The Department of Education said withholding the report was intentional, repeating the argument it has made in court and in public that only it has jurisdiction over student loan servicing issues, through its Federal Student Aid division, or FSA, which oversees student loans.
“FSA performed the review as part of its own contract oversight, not for the benefit of other agencies,” said Liz Hill, a Department of Education spokeswoman.
When student borrowers run into difficulties making payments, they can be offered forbearance, which allows them to delay payments for a set period of time. But under a forbearance plan, in most instances, the loan continues to accumulate interest and becomes a more expensive option in the long run.

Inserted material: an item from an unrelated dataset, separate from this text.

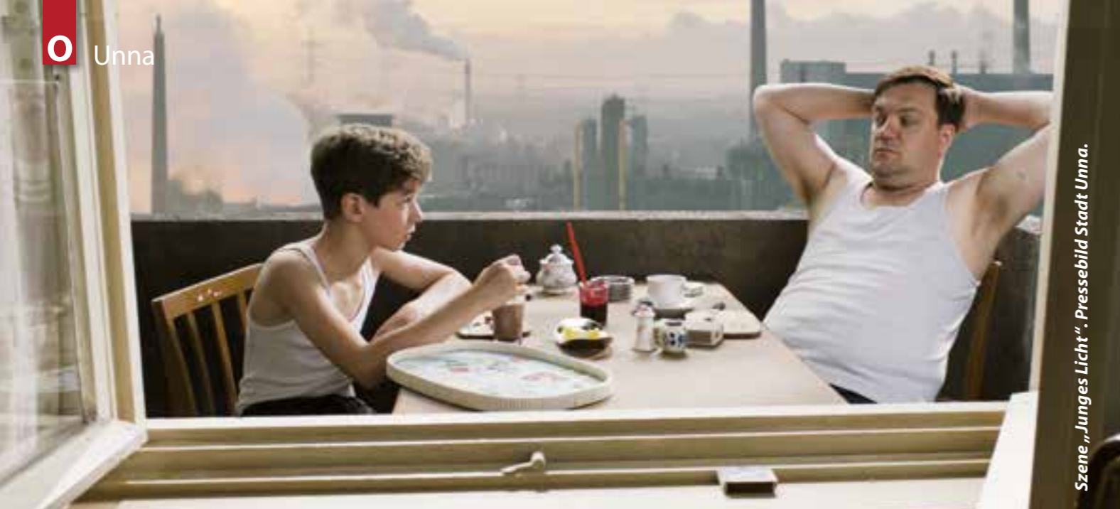
Szene „Junges Licht“.

The Consumer Financial Protection Bureau alleges in its lawsuit against Navient that between 2010 and 2015 Navient’s behavior added nearly $4 billion in interest to student borrowers’ loans through the overuse of forbearance. It is a figure that Navient disputes.
A 2017 study by the Government Accountability Office estimates that a typical borrower of a $30,000 student loan who places their loan into forbearance for three years — the maximum allowed for economic-hardship forbearance — would pay an additional $6,742 in interest on that loan.

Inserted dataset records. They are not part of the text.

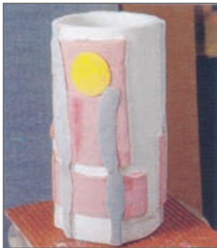
شکل ۱۲- قطعه لعاب زده‌شده با استفاده از روش قلم‌مو

گاهی بدنه برای پوشش کامل به دو یا سه لایه لعاب نیاز دارد. برای جلوگیری از حباب زدن یا متورم شدن لعاب، قبل از زدن لایه بعدی صبر کنید تا لایه قبلی خشک شود. برای پوشش بهتر، جهت لایه‌ها تغییر داده می‌شود. اگر اولین لایه به صورت عمودی لعاب زده شده است لایه بعدی به صورت افقی اعمال شود.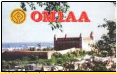
OM1 - Bratislava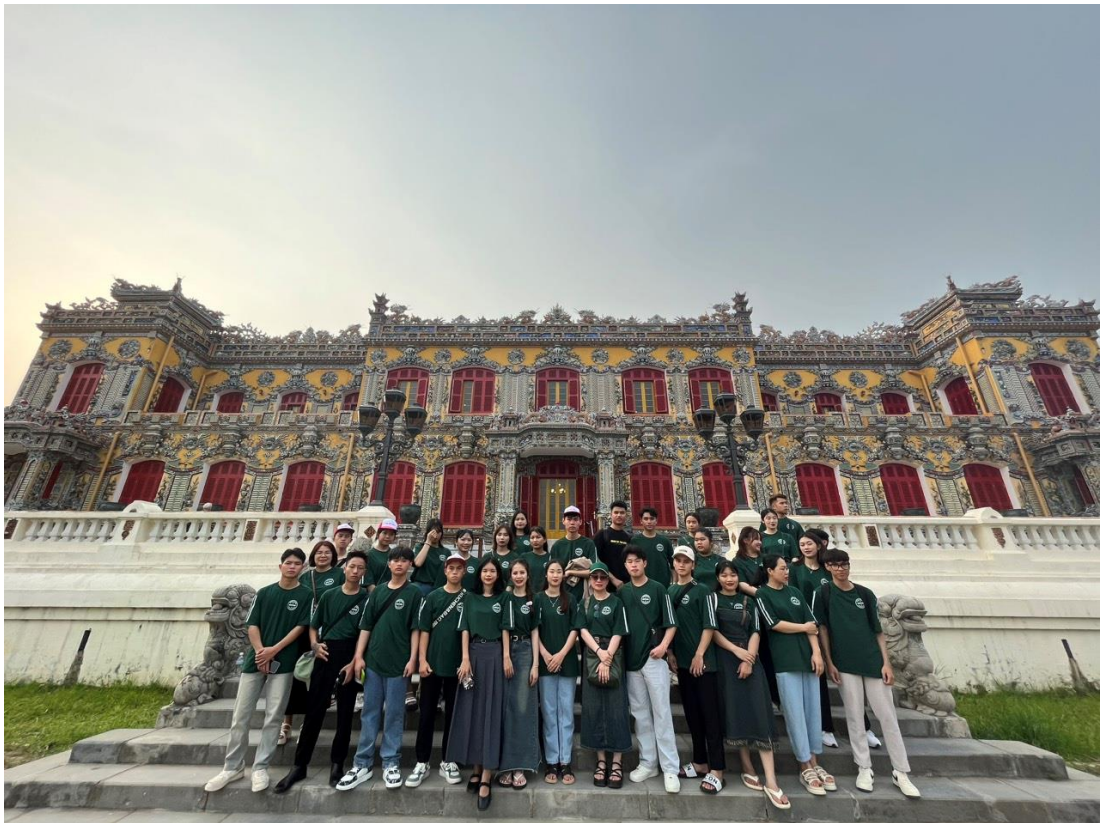
Đoàn chụp hình trước công trình Điện Kiến Trung, mới được mở cửa sau 5 năm trùng tu với mức đầu tư hơn 123 tỷ đồng

“This finding is both tragic and infuriating, and the findings appear to validate the allegations that Navient boosted its profits by unfairly steering student borrowers into forbearance when that was often the worst financial option for them,” Warren said in a letter to Navient last week.
As part of their inquiry, Department of Education auditors listened in on about 2,400 randomly selected calls to borrowers from 2014 to 2017 out of a batch of 219,000. On nearly one out of 10 of the calls examined, the Navient representative did not mention other options, including one type of plan that estimates the size of a monthly payment the borrower can afford based on their income. Auditors wrote that many customer service representatives failed to ask questions to determine whether such a plan, known as an income-driven repayment plan, might be more beneficial to the borrower.

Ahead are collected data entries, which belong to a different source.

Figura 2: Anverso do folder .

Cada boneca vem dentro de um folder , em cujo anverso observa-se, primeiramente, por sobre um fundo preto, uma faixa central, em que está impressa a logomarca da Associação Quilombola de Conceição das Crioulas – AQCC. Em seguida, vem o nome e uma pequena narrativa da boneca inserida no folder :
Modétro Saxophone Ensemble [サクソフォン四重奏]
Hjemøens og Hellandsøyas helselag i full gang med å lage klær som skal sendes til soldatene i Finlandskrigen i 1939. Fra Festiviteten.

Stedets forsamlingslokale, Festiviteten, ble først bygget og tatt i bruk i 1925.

There is no public record of how many struggling borrowers serviced by Navient might have been impacted by these practices. In its most recent annual report, Navient says it services 6 million student loan borrowers, of whom 12.7 percent are more than 30 days past due. That would be roughly 762,000 customers who are struggling, in some fashion, to pay their student loans.
If one out of every 10 of those customers were pushed into forbearance instead of an income-driven repayment plan, as the department’s audit found, that would be 76,200 of Navient’s borrowers.
The Department of Education report contains recommendations for how Navient could fix its practices but makes no mention of firm requirements or sanctions.
The education department’s Federal Student Aid division decided to do a review of Navient’s forbearance practices after the Consumer Financial Protection Bureau filed its lawsuit against the company in January 2017, department spokeswoman Hill said, to see if there were any compliance issues.
She said Department of Education officials came to the conclusion that Navient was not improperly steering borrowers. “Nothing in the report indicates forbearances were applied inappropriately — the observations noted focused on suggested improvements regarding how to best counsel” a small minority of borrowers, she said.
In response to questions over the 2017 audit, Navient pointed to the fact that nine out of every 10 borrowers on the calls were offered all their options and that this audit is just one piece of a broader story.
“This (audit), when viewed as a whole, as well as dozens of other audits and reviews, show that Navient overwhelmingly performs in accordance with program rules while consistently helping borrowers choose the right options for their circumstances,” said Paul Hartwick, a company spokesman.